What side effects are associated with this type of intervention?

Common treatments for Multiple Sclerosis (MS) include glatiramer acetate, dimethyl fumarate, and teriflunomide. Glatiramer acetate can cause local injection site reactions such as pain and redness. Dimethyl fumarate is associated with gastrointestinal issues, flushing, and a potential decrease in lymphocyte counts. Teriflunomide may lead to liver toxicity, gastrointestinal disturbances, and hair thinning. These side effects are important considerations for patients and healthcare providers when selecting an appropriate MS treatment.

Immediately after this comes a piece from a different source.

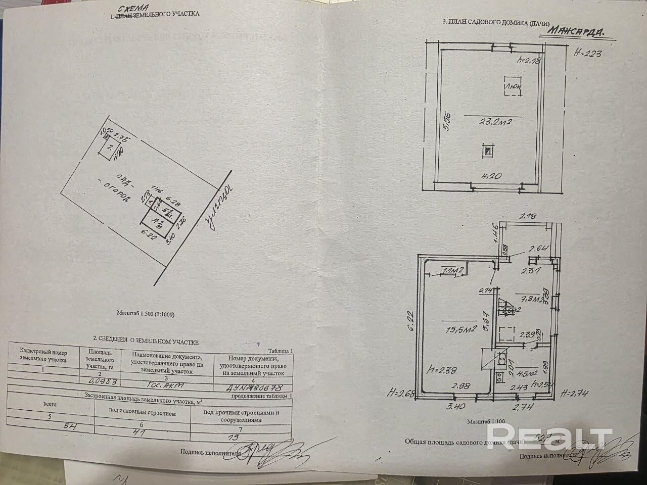 - Площадь участка

What prior FDA approvals exist?

The FDA has approved several treatments for Multiple Sclerosis (MS), including disease-modifying therapies (DMTs) that target various pathways involved in the disease. While Evobrutinib, a Bruton's Tyrosine Kinase (BTK) inhibitor, is currently under investigation, other BTK inhibitors like ibrutinib have been explored for different conditions. For MS, approved treatments include interferon beta drugs, glatiramer acetate, and newer oral medications such as fingolimod, dimethyl fumarate, and teriflunomide. Monoclonal antibodies like natalizumab, ocrelizumab, and alemtuzumab have also been approved, offering various mechanisms of action to manage the disease.

What other types of research exist?

Promising novel alternatives to Evobrutinib for Multiple Sclerosis patients include: 1. Ocrelizumab: A monoclonal antibody targeting CD20-positive B cells, effective in both relapsing and primary progressive MS. 2. Siponimod: A selective sphingosine-1-phosphate receptor modulator, effective in secondary progressive MS. 3. Cladribine: An oral immunosuppressive drug, effective in relapsing forms of MS. 4. Ofatumumab: A fully human anti-CD20 monoclonal antibody, effective in relapsing MS. These alternatives offer different mechanisms of action and have shown efficacy in clinical trials.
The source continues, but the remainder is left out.